» **WORK ORDER**
Set down each line of the data below exactly as it stands, dropping the pictures.

» **EXERCISE DATA**

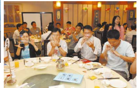
▲ Everyone was busy blowing a balloon.
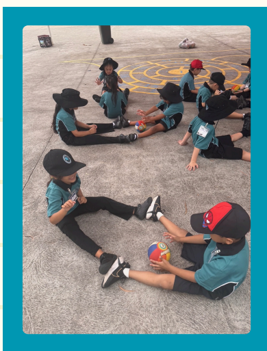
KF practising their ball skills
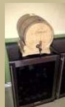
My Very Own Barrel!

» **ANSWER BOX**
▲ Everyone was busy blowing a balloon.
KF practising their ball skills
My Very Own Barrel!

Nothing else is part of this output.